**REQUIRED ACTION**.
For every line below, restate it exactly and drop the images.

START DATA SECTION

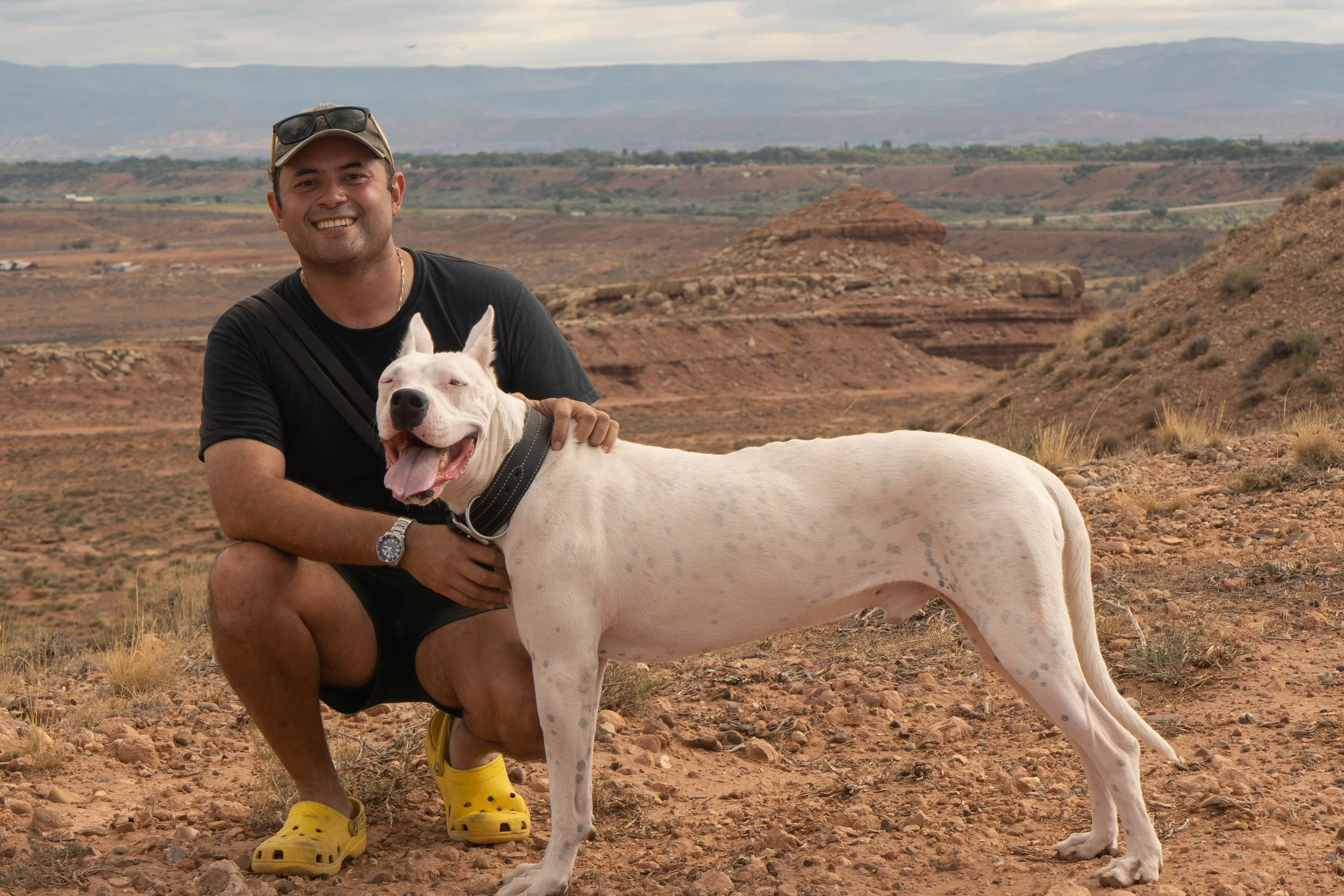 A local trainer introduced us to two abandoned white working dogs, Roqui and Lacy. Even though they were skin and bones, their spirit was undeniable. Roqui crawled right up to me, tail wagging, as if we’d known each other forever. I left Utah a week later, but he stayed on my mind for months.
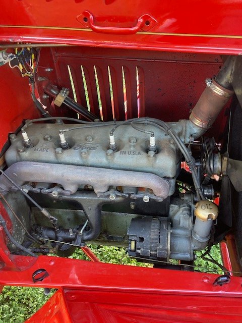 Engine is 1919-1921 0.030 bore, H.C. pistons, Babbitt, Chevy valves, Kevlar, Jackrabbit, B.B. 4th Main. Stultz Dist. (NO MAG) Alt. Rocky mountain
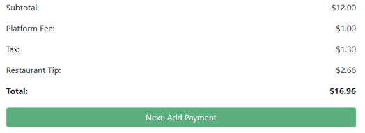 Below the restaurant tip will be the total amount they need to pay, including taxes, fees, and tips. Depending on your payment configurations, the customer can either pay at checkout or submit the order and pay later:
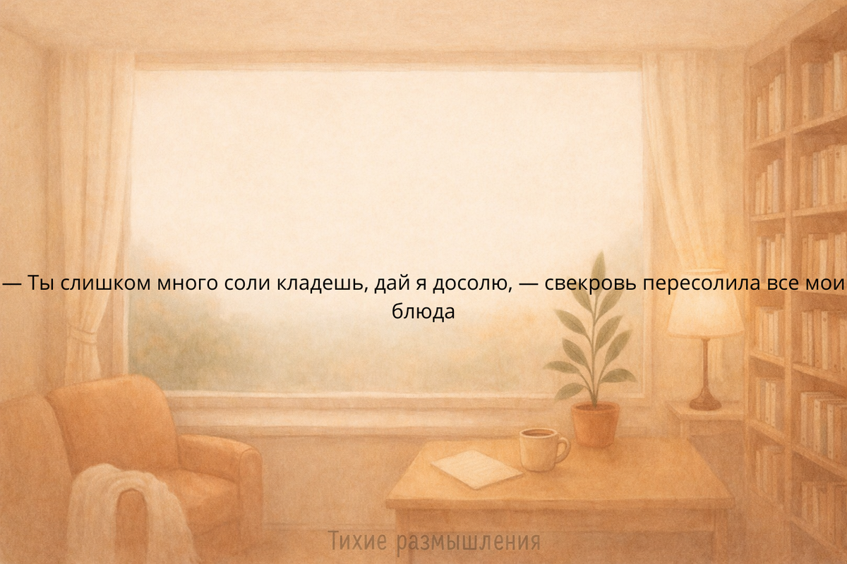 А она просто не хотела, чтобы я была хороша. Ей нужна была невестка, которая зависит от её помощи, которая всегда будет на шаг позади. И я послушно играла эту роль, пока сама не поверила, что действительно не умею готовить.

END DATA SECTION

**TASK OUTPUT**.
 A local trainer introduced us to two abandoned white working dogs, Roqui and Lacy. Even though they were skin and bones, their spirit was undeniable. Roqui crawled right up to me, tail wagging, as if we’d known each other forever. I left Utah a week later, but he stayed on my mind for months.
 Engine is 1919-1921 0.030 bore, H.C. pistons, Babbitt, Chevy valves, Kevlar, Jackrabbit, B.B. 4th Main. Stultz Dist. (NO MAG) Alt. Rocky mountain
 Below the restaurant tip will be the total amount they need to pay, including taxes, fees, and tips. Depending on your payment configurations, the customer can either pay at checkout or submit the order and pay later:
 А она просто не хотела, чтобы я была хороша. Ей нужна была невестка, которая зависит от её помощи, которая всегда будет на шаг позади. И я послушно играла эту роль, пока сама не поверила, что действительно не умею готовить.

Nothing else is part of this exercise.